Compilation Example:

# Compilation
# export PYTHON_VERSION=...
# export WITH_GPU=...
# export ENABLE_ORT_BACKEND=...
# export ...

cd PaddleX/libs/ultra-infer/scripts/linux
bash set_up_docker_and_build_py.sh

# Installation
python -m pip install ../../python/dist/ultra_infer*.whl

3. Frequently Asked Questions

1. Why is the inference speed similar to regular inference after using the high-performance inference feature?

High-performance inference accelerates inference by intelligently selecting backends, but due to factors such as model complexity or unsupported operators, some models may not be able to use accelerated backends (like OpenVINO, TensorRT, etc.). In such cases, relevant information will be prompted in the logs, and the fastest available backend known will be selected, potentially reverting to regular inference.

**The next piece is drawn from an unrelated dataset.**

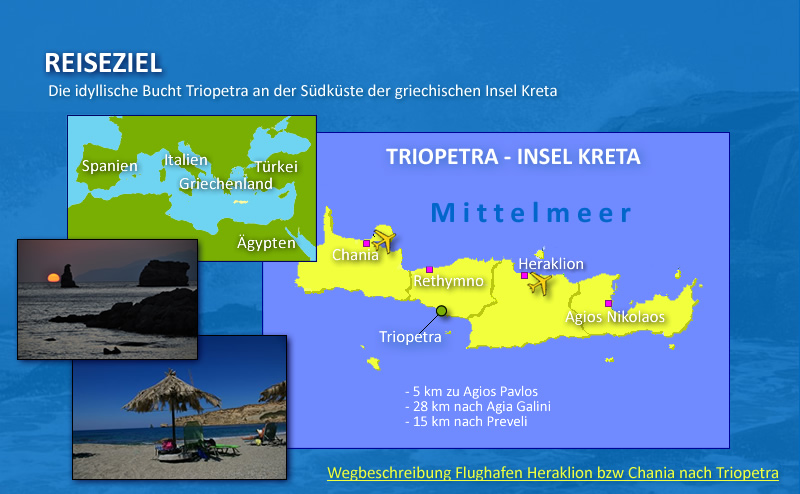Reiseziel ist Triopetra, eine zauberhafte Bucht mit drei Felsen im Meer, an der Südwestküste Kretas – gelegen zwischen der Drachenfelsbucht Agios Pavlos und dem Palmstrand Preveli.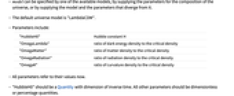 "HubbleH0" Hubble constant H "OmegaLambda" ratio of dark energy density to the critical density "OmegaMatter" ratio of matter density to the critical density "OmegaRadiation" ratio of radiation density to the critical density "OmegaK" ratio of curvature density to the critical density - All parameters refer to their values now.

The high-performance inference plugin accelerates inference by intelligently selecting the backend.

For modules, due to model complexity or unsupported operators, some models may not be able to use accelerated backends (such as OpenVINO, TensorRT, etc.). In such cases, relevant information will be prompted in the logs, and the fastest available backend known will be selected, potentially falling back to regular inference.

For pipelines, the performance bottleneck may not be in the model inference stage.

You can use the PaddleX benchmark tool to conduct actual speed tests for a more accurate performance assessment.

2. Does the high-performance inference feature support all model pipelines and modules?

The high-performance inference feature supports all model pipelines and modules, but some models may not experience accelerated inference. Specific reasons can be referred to in Question 1.

3. Why does the installation of the high-performance inference plugin fail, with the log displaying: "Currently, the CUDA version must be 11.x for GPU devices."?

The environments supported by the high-performance inference feature are shown in the table in Section 1.1. If the installation fails, it may be due to the high-performance inference feature not supporting the current environment. Additionally, CUDA 12.6 is already under support.

4. Why does the program get stuck or display WARNING and ERROR messages when using the high-performance inference feature? How should this be handled?

During engine construction, due to subgraph optimization and operator processing, the program may take longer and generate WARNING and ERROR messages. However, as long as the program does not exit automatically, it is recommended to wait patiently as the program will usually continue to run until completion.